彼らは体格に左右されるもののそれなりの量を長距離、かつ安全に運搬できるということでヴォルカンに緊急時に物資や情報伝達を行う役割を任されていた。
「助かった・・・もうダメかと」
「楽観ばかりもしていられません、少なくとも今夜は乗りきって頂かなければ」
「何故?」
「一部を除き我らは夜目が全く利きません、ですので夜間は戦闘はおろか移動すら難しい」
切り開いた土地で盛大に火でも焚いていれば話は別だが彼らにとって夜の帳は非常に危険なものなのだ。例え明るい月夜であっても彼らにはそれはまっ暗闇に等しく、一部の鳥人族、フクロウやミミズク型の獣人でなければ上下の感覚すら怪しいとのこと。

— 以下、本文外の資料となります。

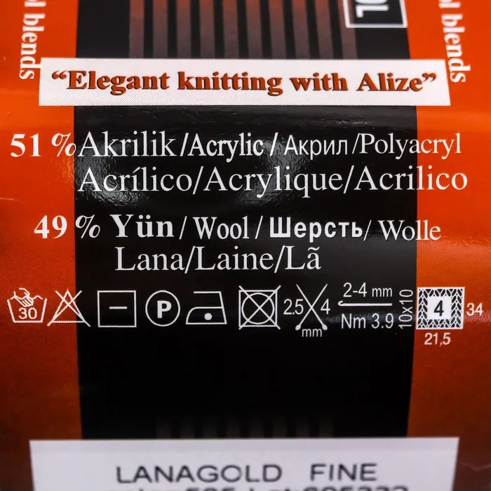 Пряжа для вязания спицами, крючком ALIZE, Lanagold fine, 49% шерсть, 51% акрил, 390 м/100 г, (505) — Характеристики

「一応、夜目の利く者を何名か残しますが・・・彼らは狩人であって戦士に非ず、集団戦は不得手です」
何名かがミミズク型の獣人らしく夕日を眩しそうににらんでいたが人数が少なく、何より飛ぶという性質上防衛は苦手そうだった。
「しかし途上で友軍とすれ違いました、到着はもうすぐですから悪いことばかりではありませんよ」
食料を得て人心地ついた彼らにとって本格的な援軍の到着が近い事はなによりの朗報だった。
「そうか、ならもうひと踏ん張りするか」
騎士達は軋む体に鞭打って立ち上がると槍を手にやって来るであろう夜襲に向けて備える。
すると驚いたことに夜の更けきらない内から獣人達が攻撃準備を開始したのだ。
「いつもより早いぞ!」
「こちらの休息が完了する前に攻撃するつもりか・・・だが、明るい内に攻撃を仕掛けようとしたのは浅はかだったな!」
鳥人族の内、鷹、鷲からなる編隊はすぐさま飛び立つと砦を十字方向から出撃し上空から彼らが得意とする風の魔法を浴びせていく。
「陸の戦士なにするものぞ!我らの武威を見るがよい!」
暗くなり始めていたとは言え、浮かび上がる化粧の光や騎士達の援護を受けて彼らは思う様攻撃を加えていく。
完全に奇襲を受けた彼らは全員が散り散りになり、結局その日の夜襲は失敗に終わった。騎士達は拍手喝采で彼らを見送るとフクロウ型獣人達の援護を受けて数日ぶりの仮眠を取ることができた。
「・・・何の音だ?」
翌朝、仮眠から目を覚ました騎士が遠くから響く音に耳をすました。どうやら太鼓かなにかのようだった。直ぐ様監視役の騎士が高台にある塔に上って周囲を見渡し始める。
「これは・・・!ザンナルの軍楽隊の音楽だ!今度こそホントに救援が来たぞ!」
物見から監視していた騎士がもたらした情報、今度こそ到来した好機に沸き立つ。その内に守備隊にも音ではなく肉眼での確認が出来たため興奮は最高潮に達していた。
「助かった・・・俺たち助かったんだ!」
「やったな!」
互いに肩を叩きあい、目前の勝利に期待を膨らませる。見る限りでも数百人は居そうだ、それだけの数がいればどうにかなるだろうと彼らも考えていた。